Roger Alton Roger Alton

Spectator Sport | 26 April 2008

Old Soldiers

issue 26 April 2008

Being a sports fan is, as Max Mosley knows too well, a painful and often expensive business. I knew my cavalier investment in Bernard Hopkins to beat Joe Calzaghe on Saturday night, despite Hopkins at 43 being almost as old as I am, was heading where the sun don’t shine as soon as Tom Jones popped up in the ring to sing the Welsh national anthem. Crikey, he’s good. It made my hairs, what’s left, stand on end so God knows what it did for Calzaghe let alone the flag-loads of Welsh fans ringside in Vegas.

In truth it was a nasty, tight, uninspiring fight. Now Calzaghe has said he’s going to fight Roy Jones, 39, and the official ‘Fighter of the Decade’ — though that decade was the 1990s.

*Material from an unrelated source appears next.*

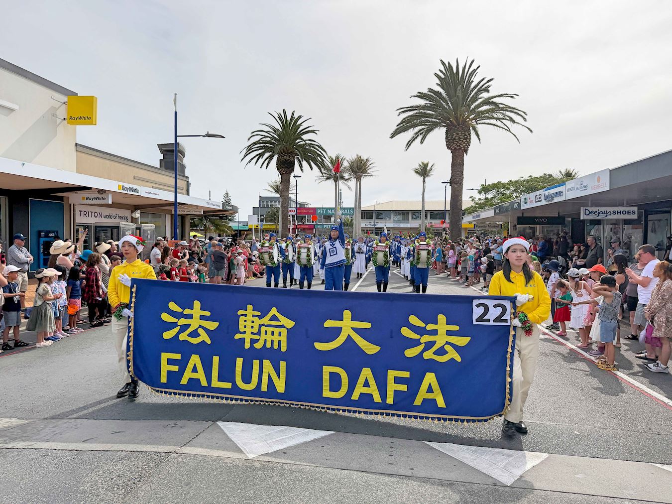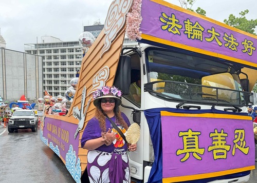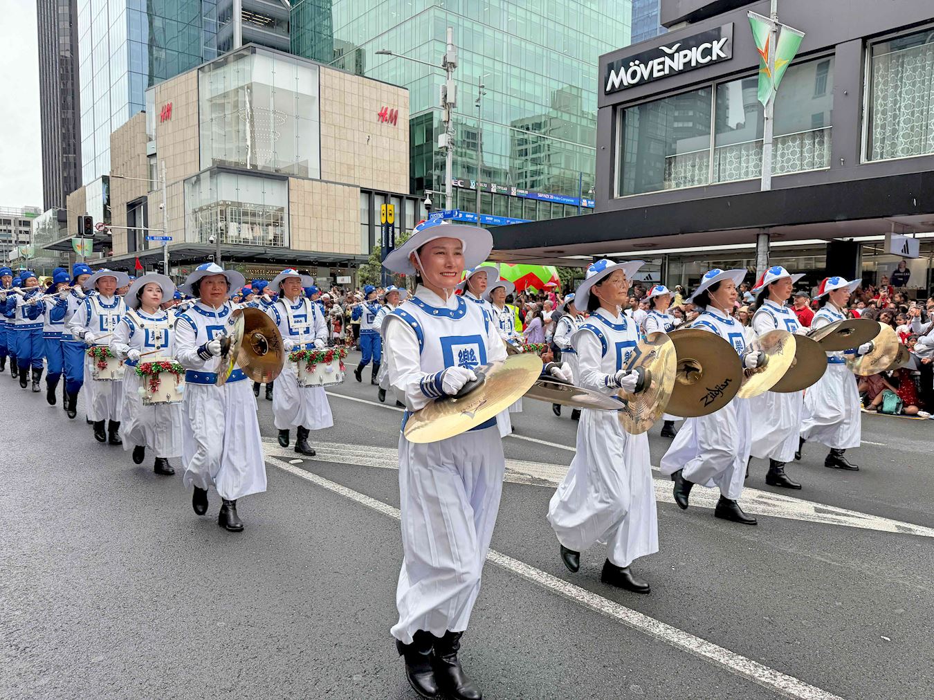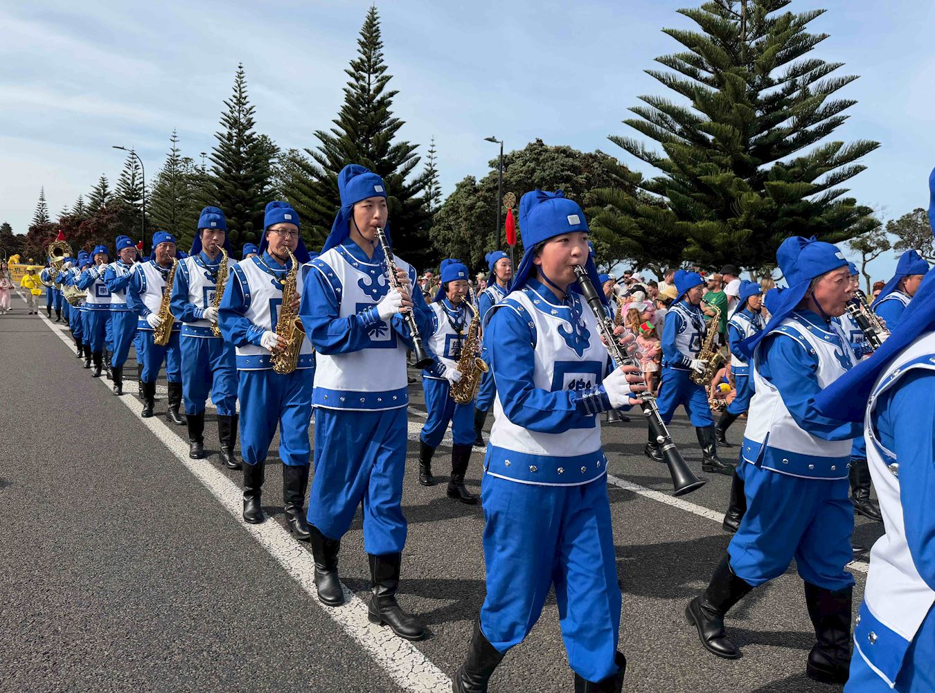 Orkiestra Marszowa Tian Guo, złożona z praktykujących Falun Dafa z Nowej Zelandii i Australii, została powitana gorącymi brawami. Ludzie robili zdjęcia, komplementowali orkiestrę za jej niebiesko-białe stroje i mówili, że muzyka orkiestry idealnie komponowała się z uroczystą atmosferą wydarzenia. Przyciągające wzrok banery z napisem „Prawda, Życzliwość, Cierpliwość” zdobiły platformę, za którą podążał zespół tańczący smoka, co bardzo podobało się dzieciom.

I don’t want to moan, but shouldn’t these guys be fighting each other when they are at their physical peak, not just their bankable peak?

I suppose Calzaghe is just putting off the point at which he becomes an ex-boxer. Not the easiest career, I must say. Poor Frank Bruno hasn’t managed it well though the great Barry McGuigan seems to have pulled it off. His easy charm and laid-back erudition certainly helped me through the small hours on Sunday morning as Setanta’s studio pundit.

What happens to ex-rugby players is a bit murkier. After one of the most badly handled pieces of management since the assassination of Julius Caesar, the former England coach Brian Ashton was duly shafted last week and the monobrowed superman and 2003 World Cup winner Martin Johnson took over as England team manager. Behind it all seems to be the figure of Rob Andrew, a man unlikely to win many popularity contests.